Re: [PATCH v2 4/7] iov_iter: new iov_iter_pin_pages*() routines

From: Jan Kara
Date: Thu Sep 15 2022 - 04:16:41 EST


On Wed 14-09-22 17:42:40, Al Viro wrote:
> On Wed, Sep 14, 2022 at 04:52:33PM +0200, Jan Kara wrote:
> > > =================================================================================
> > > CASE 5: Pinning in order to write to the data within the page
> > > -------------------------------------------------------------
> > > Even though neither DMA nor Direct IO is involved, just a simple case of "pin,
> > > write to a page's data, unpin" can cause a problem. Case 5 may be considered a
> > > superset of Case 1, plus Case 2, plus anything that invokes that pattern. In
> > > other words, if the code is neither Case 1 nor Case 2, it may still require
> > > FOLL_PIN, for patterns like this:
> > >
> > > Correct (uses FOLL_PIN calls):
> > > pin_user_pages()
> > > write to the data within the pages
> > > unpin_user_pages()
> > >
> > > INCORRECT (uses FOLL_GET calls):
> > > get_user_pages()
> > > write to the data within the pages
> > > put_page()
> > > =================================================================================
> >
> > Yes, that was my point.
>
> The thing is, at which point do we pin those pages? pin_user_pages() works by
> userland address; by the time we get to any of those we have struct page
> references and no idea whether they are still mapped anywhere.

Yes, pin_user_pages() currently works by page address but there's nothing
fundamental about that. Technically, pin is currently just another type of
page reference so we can as well just pin the page when given struct page.
In fact John Hubbart has added such helper in this series.

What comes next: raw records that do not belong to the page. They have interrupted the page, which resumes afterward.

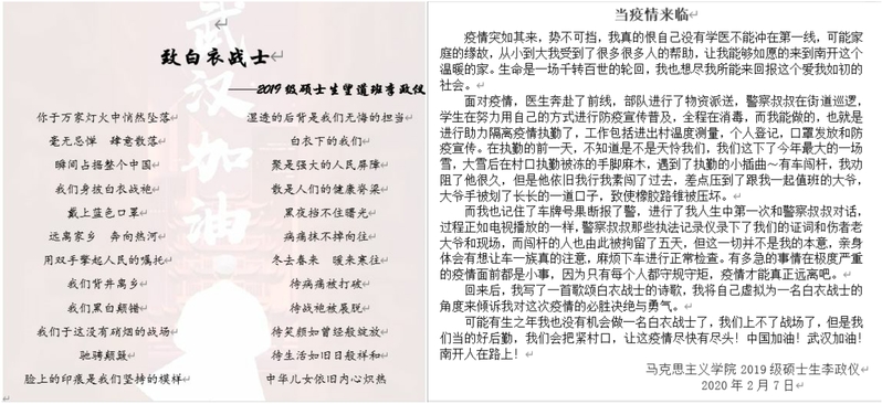 在这个注定不平凡的2020年,新型冠状病毒的黑暗笼罩中华大地,每一个日渐浮动的数字都牵动着全国亿万人民的心,医生、军人、警察、环卫工,全国各地的英雄都奔赴战“疫”一线,治病救人、运载物资、守卫家园,用行动托起希望的曙光。她深知虽然无法身至一线,但是作为南开新百年的第一批马院人,尽自身微薄之力,乃义不容辞,她便是李政仪。
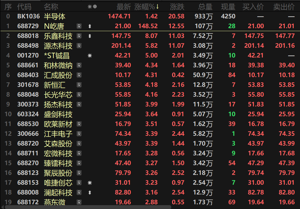 其余个股方面,乐鑫科技一度涨7.74%,新恒汇涨6.11%,源杰科技、汇成股份等多股纷纷跟涨。
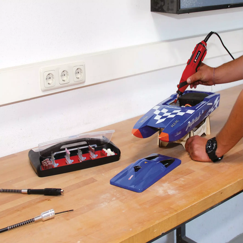 VIŠENAMJENSKA BRUSILICA TC-MG 135 E EINHELL sa raznolikim priborom za brušenje, bušenje, glodanje, poliranje i četkanje sa prihvatom koji omogućuje upotrebu različitih nastavaka. Uz ovaj uređaj je moguće koristiti produžni nastavak kako bi lakše pristupili nedostupnim mjestima. Tijekom rada s produžnim nastavkom bušilicu je moguće odložiti na teleskopski stalak. Dodatnih 189 nastavaka koji se isporučuju s ovim alatom jamče obavljanje raznih zahtjeva korisnika. Sve navedeno se isporučuje u praktičnom koferu.
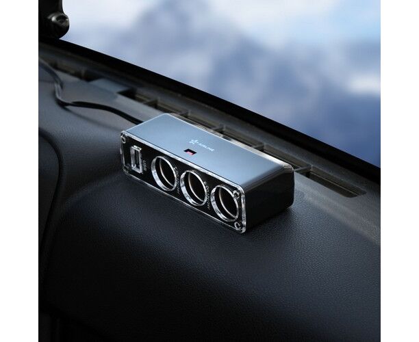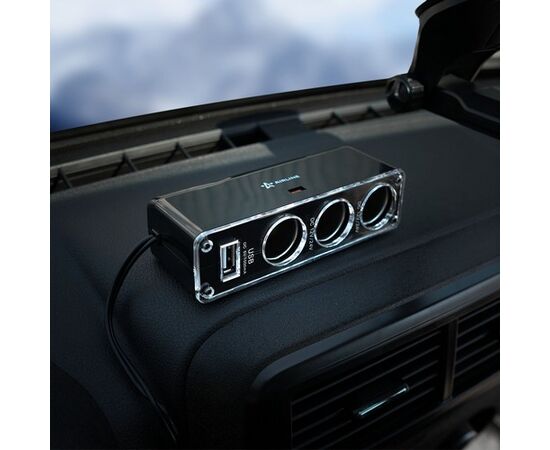 Разветвитель прикуривателя на 3 гнезда + USB, черный. Корпус прикуривателя имеет плоскую прямоугольную форму и окрашен в цвет серебристого металлика с оранжевой вставкой на фронтовой части изделия. Три гнезда прикуривателя, а также USB-порт дают возможность подключать к разветвителю сразу несколько электрических приборов. Для полноценного функционирования изделия и предотвращения поломок суммарная мощность подключенной техники не должна превышать границу в 60Вт.
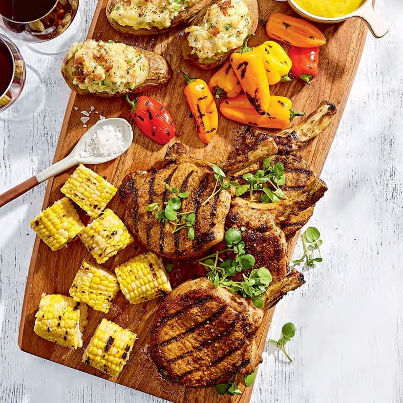- Au moment de servir, déposer les côtelettes grillées sur une grande planche de service. Ajouter les pommes de terre farcies et la sauce aux mangues grillées. Garnir la planche de minipoivrons et de maïs grillés, de verdures et de fleur de sel, si désiré.
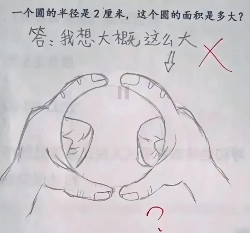還有做應用題的,題目告訴了一個圓的半徑是2cm,讓求圓的面積,別說,這孩子的美術功底還不錯,畫的圓的確很圓,可惜老師不給分啊。
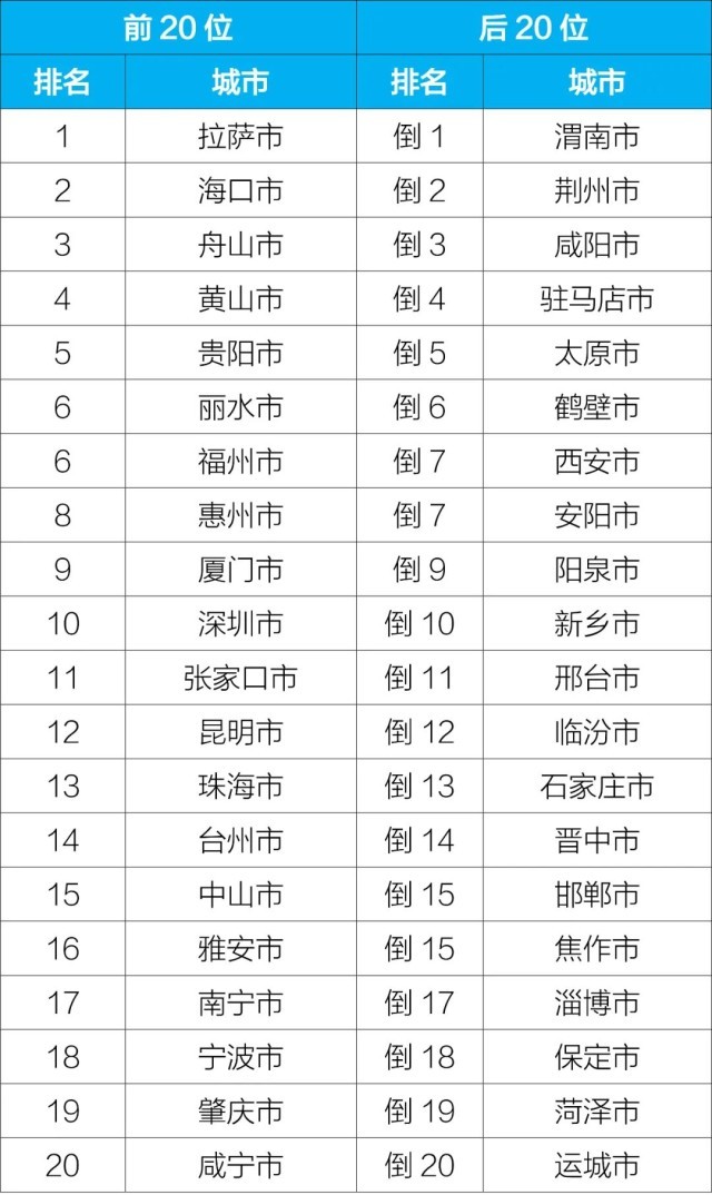 1—11月,168個(gè)重點(diǎn)城市中,拉薩、??诤椭凵绞械瘸鞘锌諝赓|(zhì)量相對(duì)較好(從第1名至第20名);渭南、荊州和咸陽(yáng)市等城市空氣質(zhì)量相對(duì)較差(從倒數(shù)第1名至倒數(shù)第20名),見附表2。
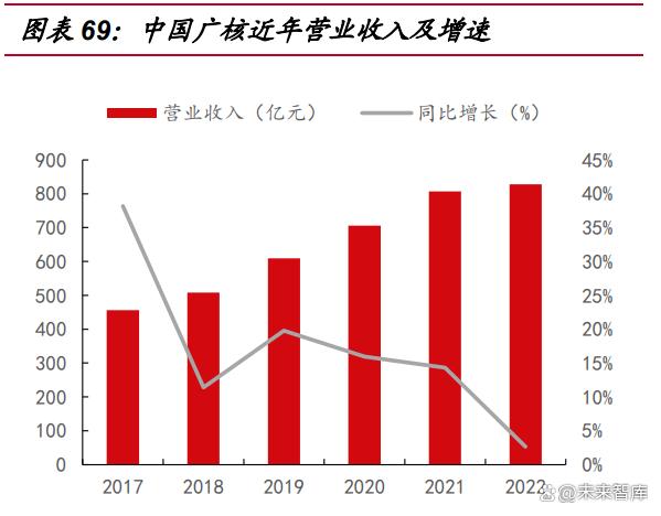 中國廣核是中國廣核集團的核電運營上市主體,主營業務為建設、運營及管理核 電站,銷售核電站所發電力,組織開發核電站的設計及科研工作。截至 2022 年,公 司管理 26 臺在運和 7 臺在建核電機組,裝機容量分別為 29.38GW 和 8.36GW,在 運核電機組容量占全國在運總裝機容量的 51.91%,是我國最大的純核電運營商。 2022 年公司發電量同比下降,主要原因為檢修時間較 2021 年同期增長,臺山1、2 號機組換料大修拖累公司 2022 年的電量表現,公司整體 2022 年發電量下滑 1.38%(包括聯營企業),但公司全年營收及凈利潤等業績表現依然實現了小幅增長。 公司 2022 年營業收入 828.2 億元,同比增長 2.7%,歸母凈利潤 99.6 億元,同比增 長 2.1%。
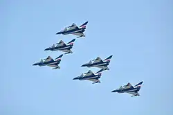 Das 1. August Kunstflugteam (Ba Yi Kunstflugstaffel) war zunächst ausgestattet mit Shenyang JJ-5-Strahltrainern, einer chinesischen Version der sowjetischen MiG-17, die durch die neueren Chengdu J-7EB ersetzt wurden. Diese wiederum wurden 2001 durch die neueren Chengdu J-7GB ersetzt. Seit Mai 2009 wird das moderne Mehrzweckkampfflugzeug Chengdu J-10 verwendet, ab 2023 in der neuen C-Variante.[2] Es gibt etwa acht Flugzeuge in der Flotte, aber nur sechs werden für die Vorführungen bei den Airshows eingesetzt. Die Zusatztanks sind farblich an den Anstrich der Vorführflugzeuge angepasst.
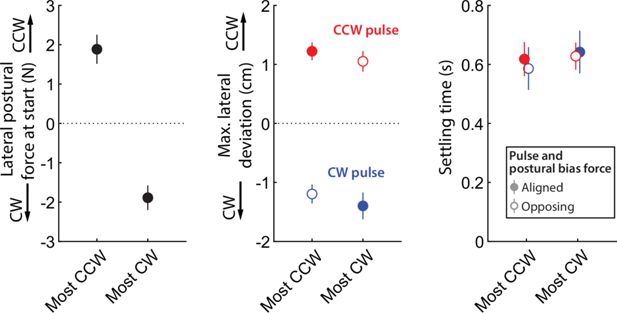 (A) Examples of perturbed (red: perturbed with CCW pulse; blue: perturbed with CW pulse) and unperturbed (gray) outward trajectories - same individuals as in Figure 3B. (B) Lateral velocity (positive: CCW to movement) before and after pulse onset, and corresponding responses from controls (gray), illustrating how patients, in response to the pulse, take longer time to settle and tend to experience larger lateral deviations compared to controls. (C) Summary performance measures for patients and controls, indicating impaired performance with the paretic side: settling time (left) and maximum lateral deviation on pulse direction (right). (D) Within-individual analysis: here, for each individual, we selected the movements for which the starting-position resting postural force would be either the strongest CCW or CW (left); we then examined the corresponding settling time (middle) and maximum lateral deviations (right). We find no effects of the most CCW vs. most CW resting postural forces in either case: there is no evidence for either reduced settling time or increased maximum lateral deviation for instances where pulse and resting bias are most opposing (open circles) compared to the instances where pulse and resting bias are most aligned (filled circles). Error bars indicate SEM; data from n=16 stroke patients and n=9 healthy control participants.

> How would that work? What protects the area where you want to avoid running
> into pinned pages from previously acceptable page getting pinned? If "they
> must have been successfully unmapped" is a part of what you are planning, we
> really do have a problem...

But this is a very good question. So far the idea was that we lock the
page, unmap (or writeprotect) the page, and then check pincount == 0 and
that is a reliable method for making sure page data is stable (until we
unlock the page & release other locks blocking page faults and writes). But
once suddently ordinary page references can be used to create pins this
does not work anymore. Hrm.

Just brainstorming ideas now: So we'd either need to obtain the pins early
when we still have the virtual address (but I guess that is often not
practical but should work e.g. for normal direct IO path) or we need some
way to "simulate" the page fault when pinning the page, just don't map it
into page tables in the end. This simulated page fault could be perhaps
avoided if rmap walk shows that the page is already mapped somewhere with
suitable permissions.

Honza
--
Jan Kara <jack@xxxxxxxx>
SUSE Labs, CR